Work instructions => Copy the data precisely, character for character, and leave out every picture.

Data block =>
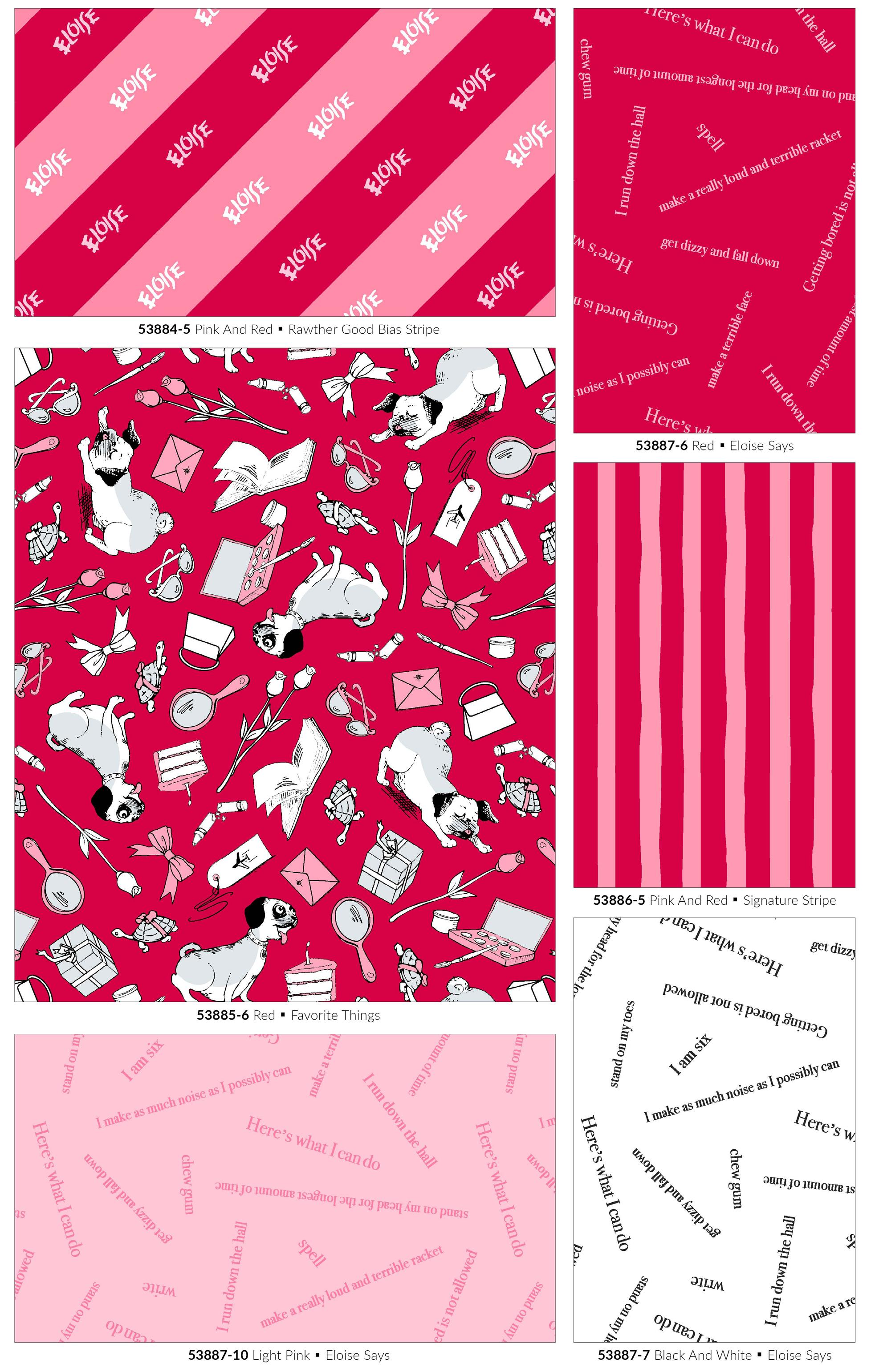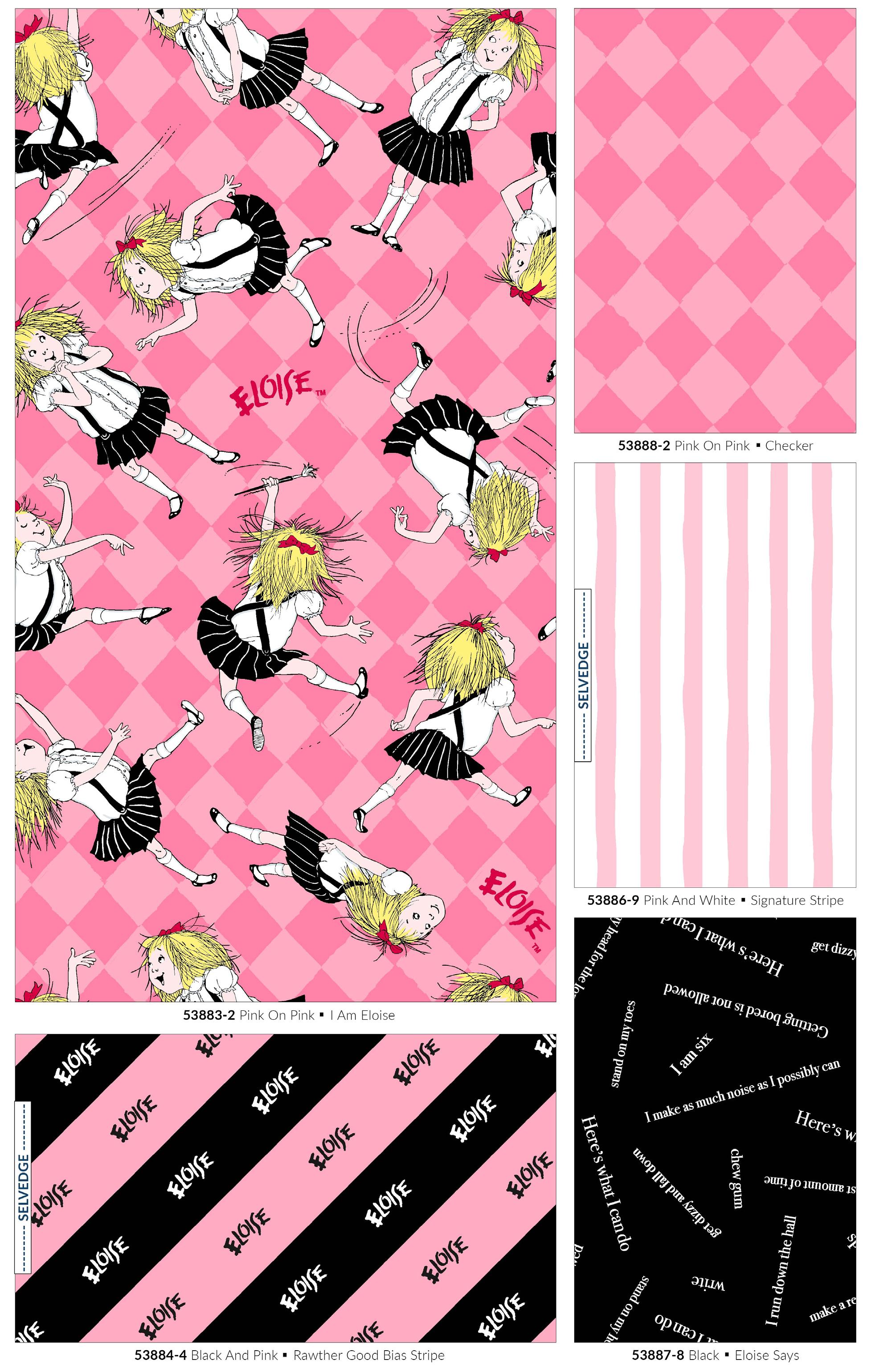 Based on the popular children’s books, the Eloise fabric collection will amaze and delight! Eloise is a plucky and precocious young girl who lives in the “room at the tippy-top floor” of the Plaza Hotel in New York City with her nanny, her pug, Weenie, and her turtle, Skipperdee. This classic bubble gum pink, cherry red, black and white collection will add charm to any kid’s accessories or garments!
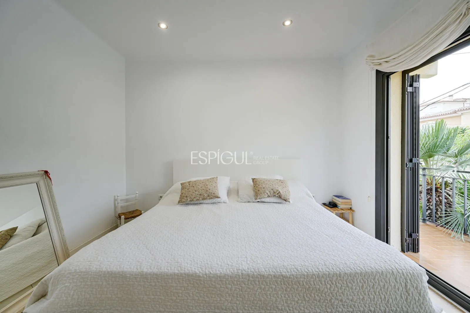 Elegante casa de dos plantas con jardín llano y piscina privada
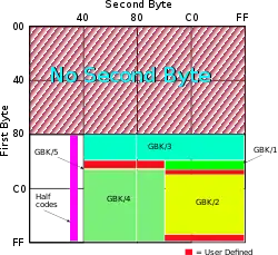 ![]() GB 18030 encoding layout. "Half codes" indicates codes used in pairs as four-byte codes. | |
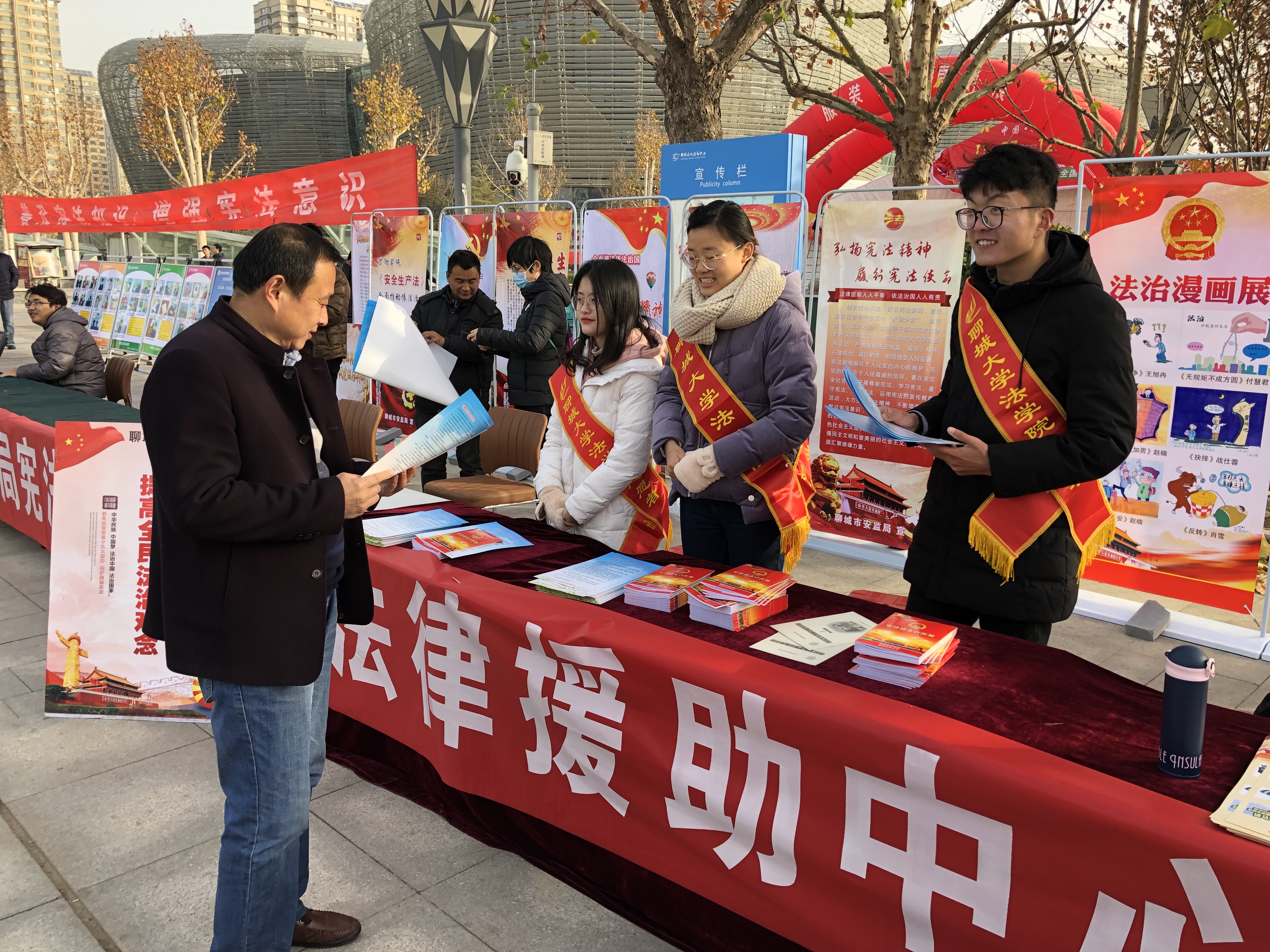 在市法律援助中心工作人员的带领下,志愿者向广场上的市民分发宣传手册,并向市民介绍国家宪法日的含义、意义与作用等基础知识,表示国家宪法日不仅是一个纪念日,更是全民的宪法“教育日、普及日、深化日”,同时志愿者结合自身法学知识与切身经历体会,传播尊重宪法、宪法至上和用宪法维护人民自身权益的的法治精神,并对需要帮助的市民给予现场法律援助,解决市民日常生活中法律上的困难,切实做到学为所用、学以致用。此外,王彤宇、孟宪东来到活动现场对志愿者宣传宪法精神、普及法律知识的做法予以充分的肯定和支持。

Written answer =>
 Based on the popular children’s books, the Eloise fabric collection will amaze and delight! Eloise is a plucky and precocious young girl who lives in the “room at the tippy-top floor” of the Plaza Hotel in New York City with her nanny, her pug, Weenie, and her turtle, Skipperdee. This classic bubble gum pink, cherry red, black and white collection will add charm to any kid’s accessories or garments!
 Elegante casa de dos plantas con jardín llano y piscina privada
 ![]() GB 18030 encoding layout. "Half codes" indicates codes used in pairs as four-byte codes. | |
 在市法律援助中心工作人员的带领下,志愿者向广场上的市民分发宣传手册,并向市民介绍国家宪法日的含义、意义与作用等基础知识,表示国家宪法日不仅是一个纪念日,更是全民的宪法“教育日、普及日、深化日”,同时志愿者结合自身法学知识与切身经历体会,传播尊重宪法、宪法至上和用宪法维护人民自身权益的的法治精神,并对需要帮助的市民给予现场法律援助,解决市民日常生活中法律上的困难,切实做到学为所用、学以致用。此外,王彤宇、孟宪东来到活动现场对志愿者宣传宪法精神、普及法律知识的做法予以充分的肯定和支持。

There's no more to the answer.